A property P is compositional with respect to terms A and B and composition ∘ if P(A) ∧ P(B) ⇔ P(A∘B); the equivalence is sometimes replaced with implication in one of the directions (this is a special case for a predicate, i.e. a boolean-valued function; a function F is compositional if F(A∘B) = F(A) ⋆ F(B)).

What you're saying is that proofs can be composed. That is true, but unhelpful, as it doesn't make proofs easy. All proofs work this way. Compositionality does (in fact, all properties that are easily proven by type inference are compositional; type safety itself is compositional). I've seen somewhere compositionality described as the opposite of emergence[1], which makes sense.

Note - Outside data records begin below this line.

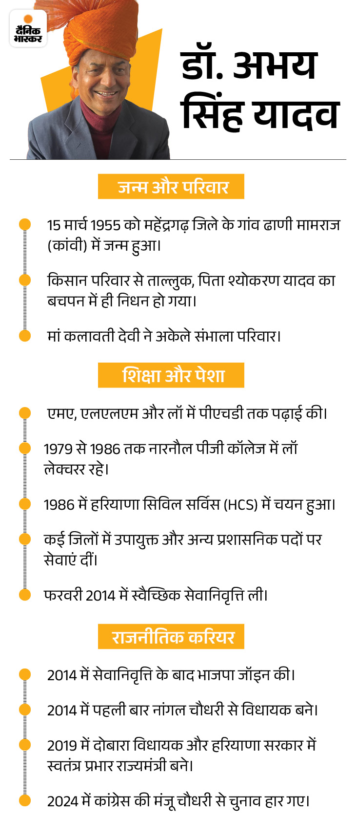 दक्षिण हरियाणा यानी अहीरवाल में भाजपाई फूट खुलकर सामने आई है। नायब सैनी सरकार के पहले कार्यकाल में मंत्री रहे पूर्व IAS अफसर डॉ. अभय सिंह यादव ने अपनी ही पार्टी के केंद्रीय राज्य मंत्री राव इंद्रजीत पर निशाना साधा। एक के बाद एक 2 पोस्ट किए। इनमें राव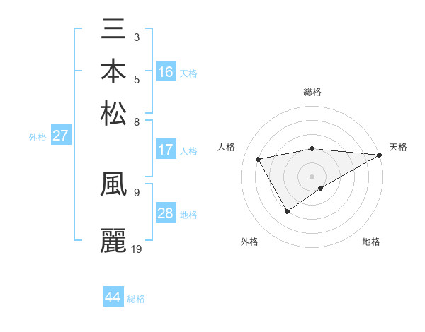 三本松 風麗さんの天格は16画の5点!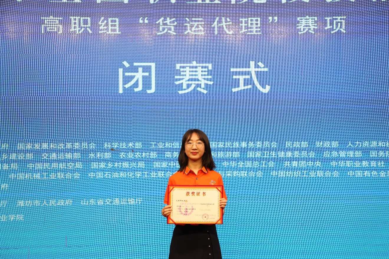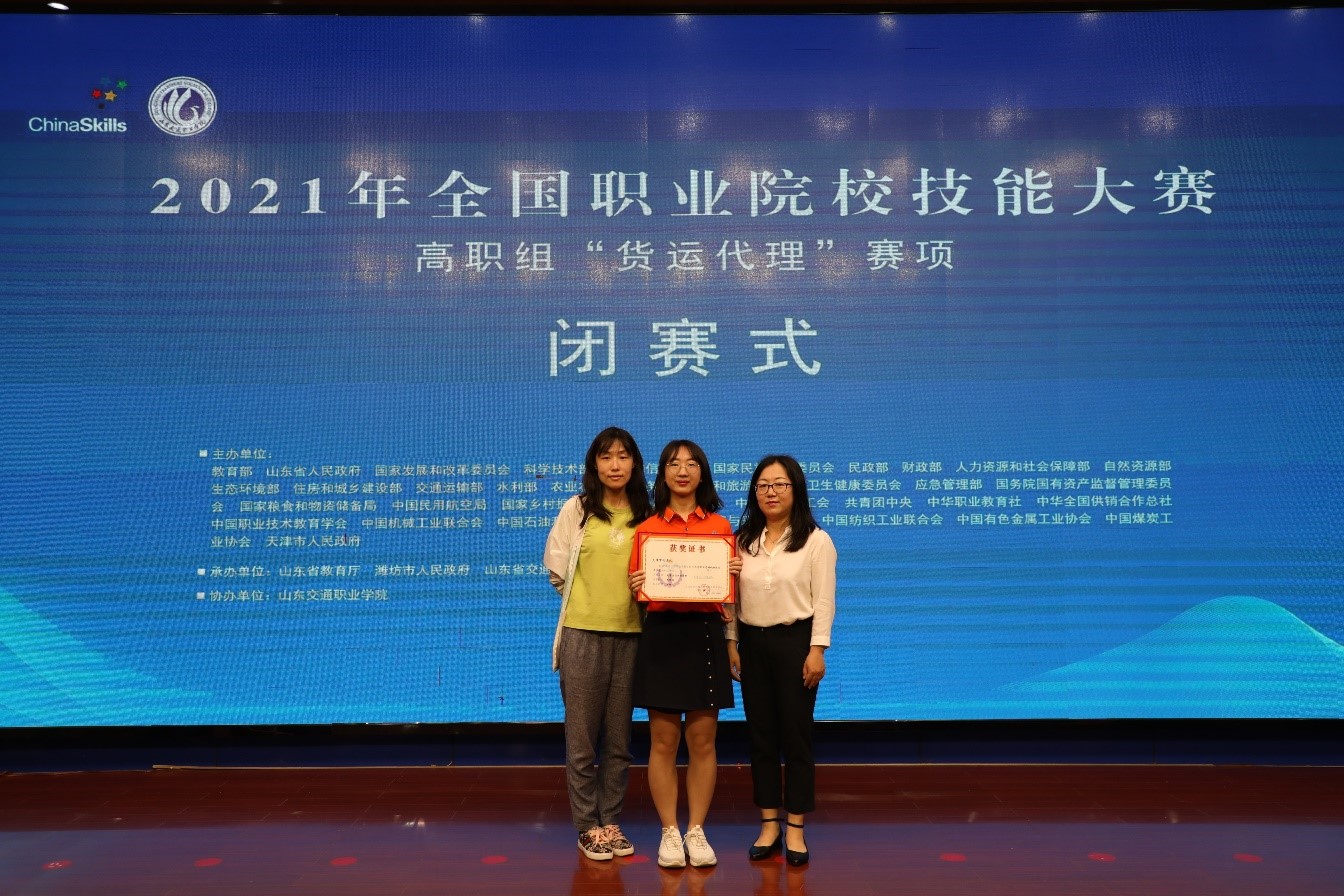 2021年6月8日至12日,全国职业院校技能大赛高职组货运代理赛项在山东省潍坊市山东交通职业学院举行。我院物流管理系王琳老师指导的19级报关与国际货运专业朱师瑶同学喜获全国三等奖的好成绩。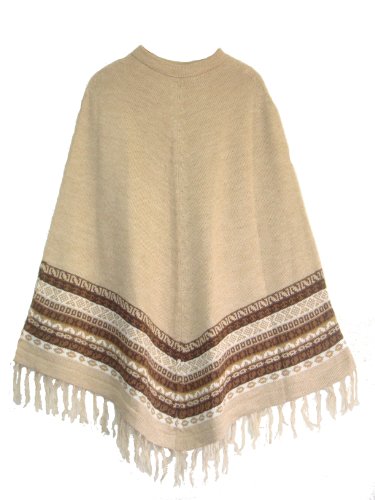 Peruvian Alpaca beige wool poncho, handmade in Peru, beautiful design that combines amazing bright colors and is absolutely warm, soft and silky and is more confortable to wear in the Winter. You have to feel the elegance and advantages of this Peruvian alpaca. Is considered a specialty fiber because less alpaca fiber is produced each year than cashmere, angora rabbit, sheep or mohair. However, alpaca is considered a luxury fiber because of its unique softness, luster, lightness, durability and warmth. No other animal has fiber that can combine all these properties. This is a very nice, versatile and useful garment!. Is reported to be up to 5x warmer than sheep wool and unlike sheep wool will not absorb moisture but rather transport it through the fabric so it can evaporate on the outside. ONE SIZE LENGHT APPROXIMATE 38'' INCLUDE STRIPES XXXXXXXXXXXXXXXXXXXXXXXXXXXXXXCONTACT US WE ARE ABLE TO MAKE SPECIAL ORDERSBrand: | |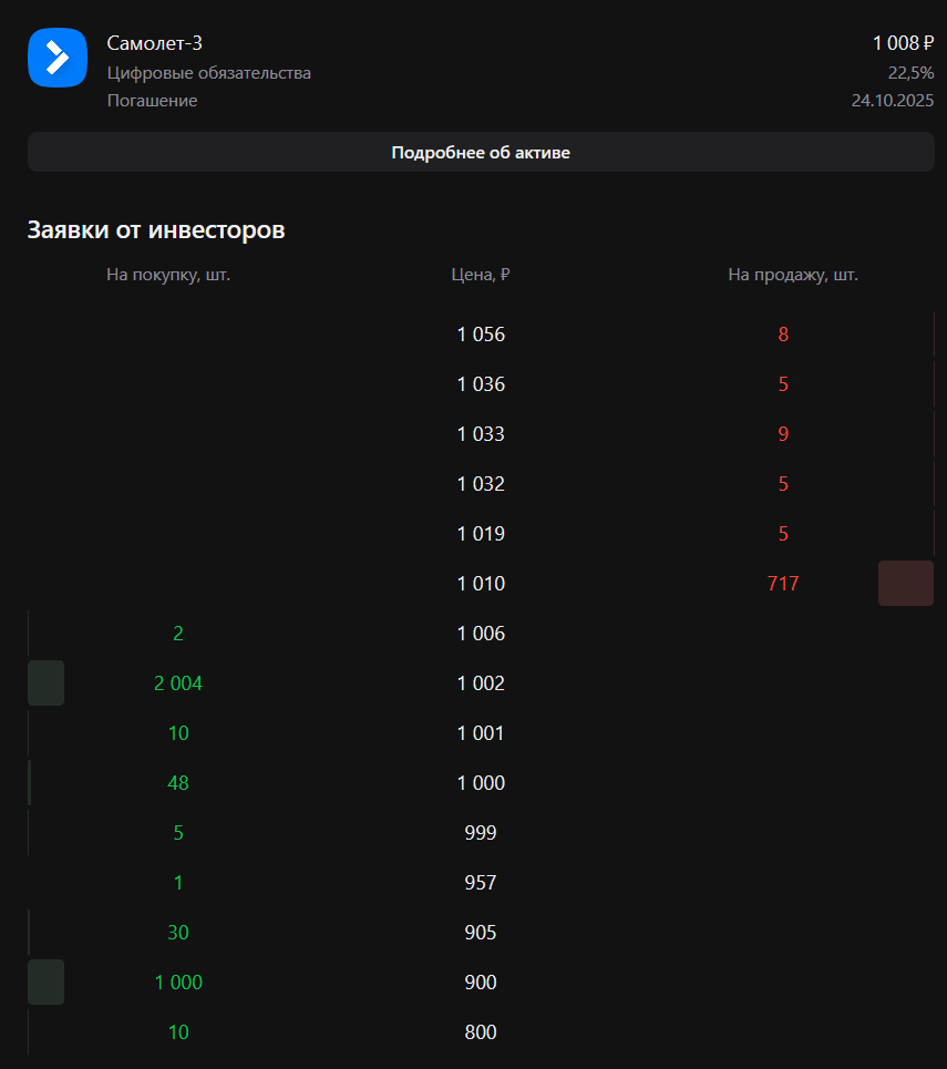 Собственно, что есть вторичный рынок? Рынок, на котором активы продают уже на сами Эмитенты, а Инвесторы, которые эти активы у Эмитента приобрели при первичном размещении. На картинке вторичный рынок цифрового обязательства Группы Самолёт. Площадка – Альфа-Банк.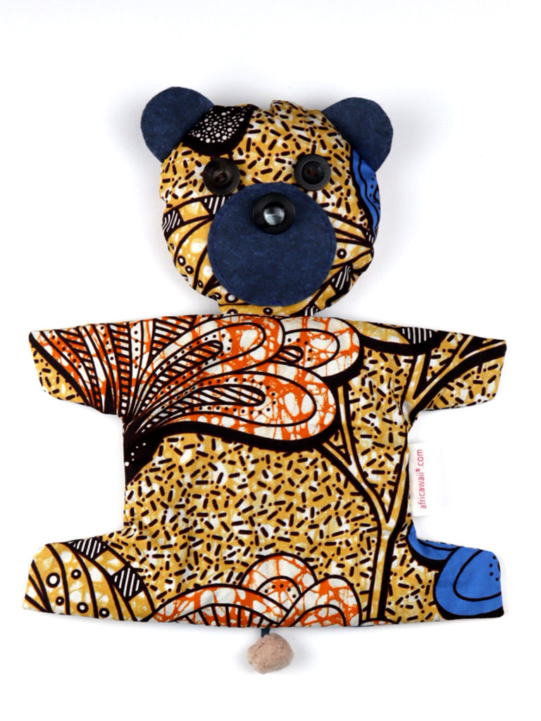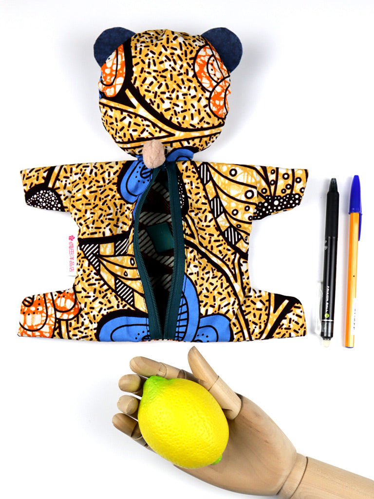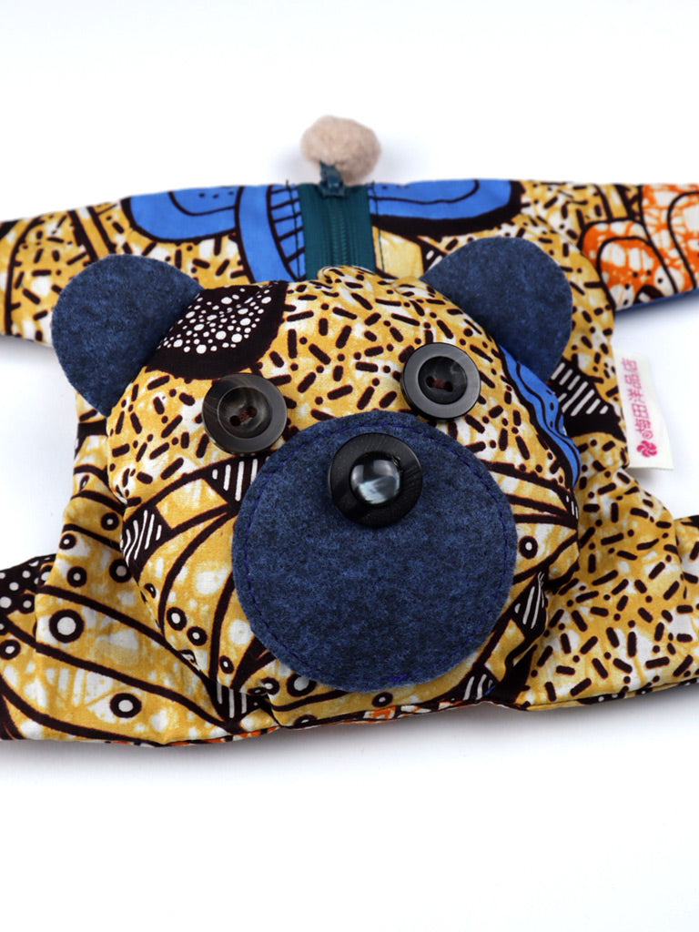 アフリカンプリントのくまポーチ・オーカー×ブルー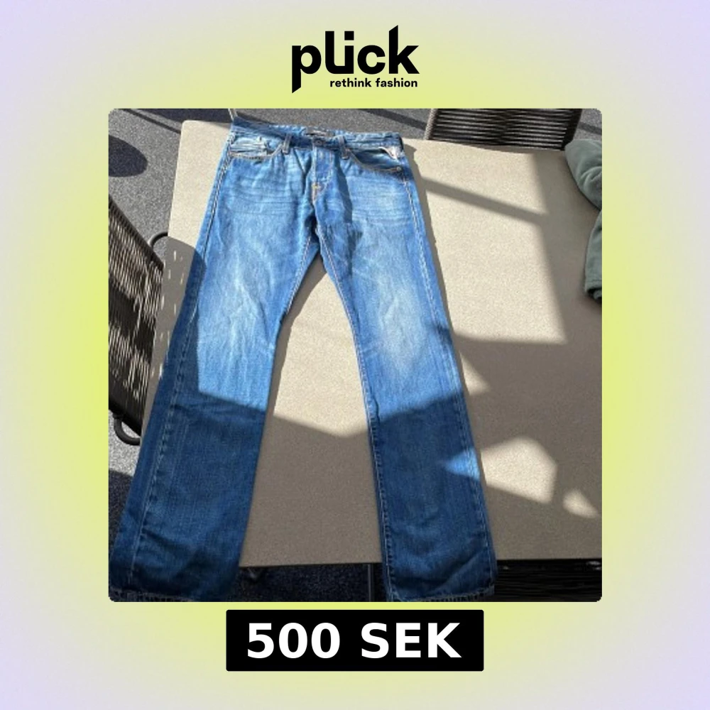 Snygga blå jeans från Replay👖 med klassisk femficksdesign och knappgylf. Perfekta för en avslappnad stil. Märkesdetaljer på baksidan och vid fickan ger en extra touch. Storleken ser ni på sista bilden. Jeansen är använda ett få antal gånger och är som i ny skick. Jag har lagt ut dom för 500 men priset är inte hugget i sten. Hör av er vid minsta fundering ✅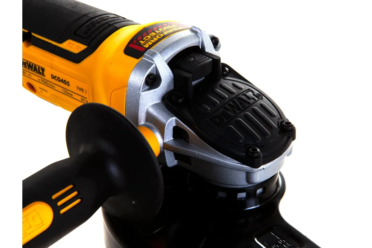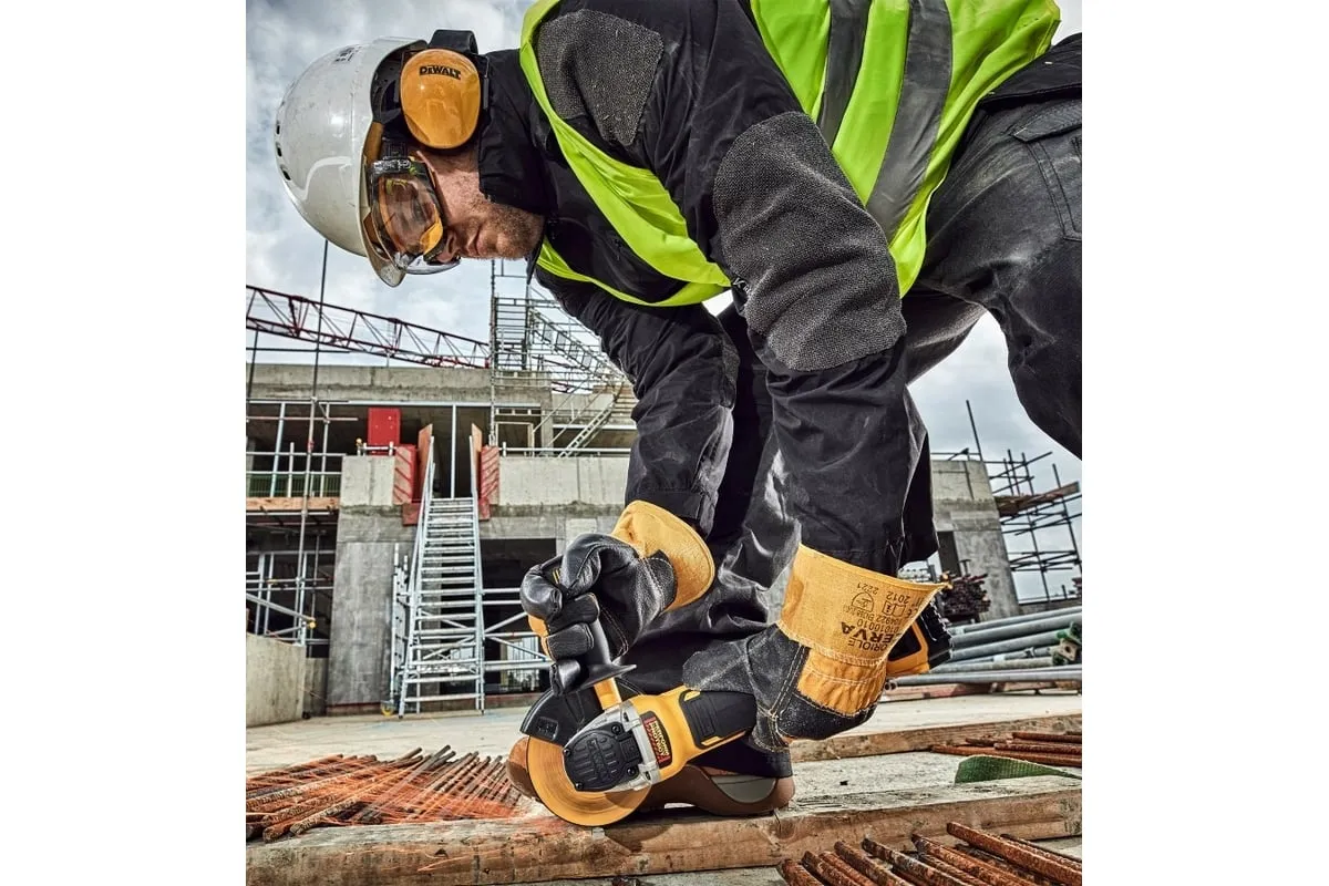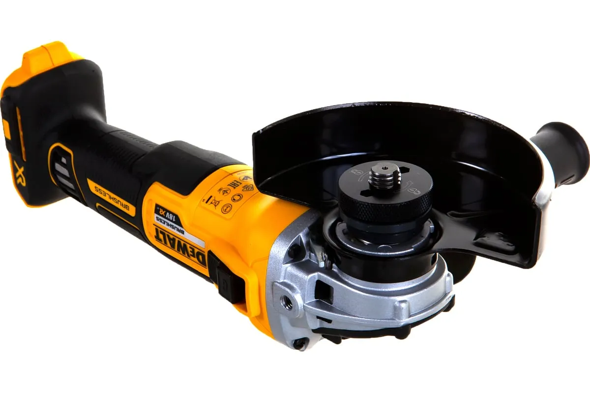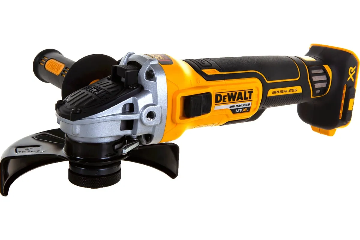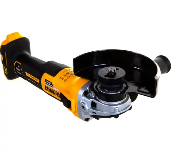 Угловая шлифмашина DEWALT 18В XR DCG405N используется при зачистных и отрезных работах. Источником питания является литий-ионный аккумулятор 18 В.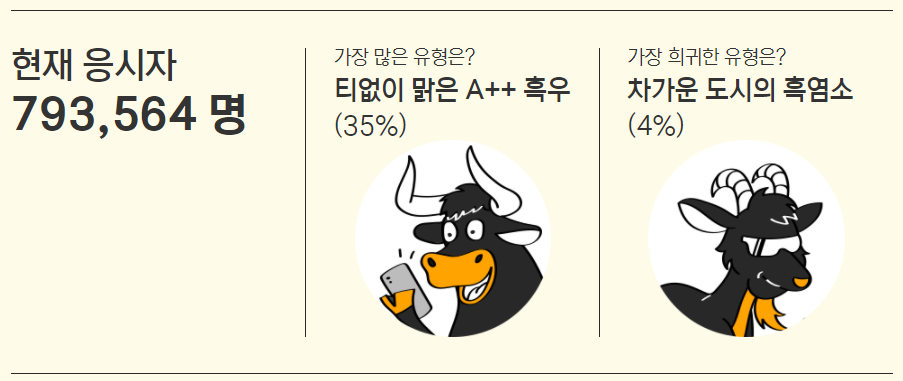 호구 성향 테스트에서 결과로는 총 8가지 타입이 나오며 대다수 35%의 경우는 티없이 맑은 A++ 흑우가 나오며 희귀한 유형은 4%인 필자가 나온 차가운 도시의 흑염소가 나옵니다.

A property is emergent in a composition if it is not a property of the components.

[1]: https://julesh.com/2017/04/22/on-compositionality/

[ghettoimp]

Thanks, this seems like a perfectly coherent definition of compositional. I think my earlier confusion was a purely terminological matter.

Regarding "What you're saying is that proofs can be composed. That is true, but unhelpful, as it doesn't make proofs easy." I agree that the ability to compose proofs does not make proof easy. But I would push back somewhat against the idea that this is unhelpful.

The ability to prove, in isolation, the relevant properties about some entity (e.g., a function, a hardware module, or what have you), and then to make use of these properties, without ever looking inside the entity again, to prove properties of some larger system, seems to me to be absolutely essential for scaling proofs to large systems.

This ability is of course completely common in tools like interactive proof assistants, but is less common in more automated procedures.

[pron]

> The ability to prove, in isolation, the relevant properties about some entity (e.g., a function, a hardware module, or what have you), and then to make use of these properties, without ever looking inside the entity again, to prove properties of some larger system, seems to me to be absolutely essential for scaling proofs to large systems.

I understand the motivation, and of course you're right that it would be "essential", it's just that it has been mathematically proven (see my post) that this is not the case. Results in computational complexity theory, that studies how hard it is to do things, show that "making use of these properties, without ever looking inside the entity again" does not, in fact, make verification easier. More precisely, the difficulty of proving a property of A_1 ∘ ... ∘ A_n is not any function of n, because we cannot hide the inner details of the components in a way that would make the effort lower even though that is what we want to do and even though it is essential for success.

In practice, we have not been able to scale proofs to large systems, which means that maybe there is some truth to those mathematical results.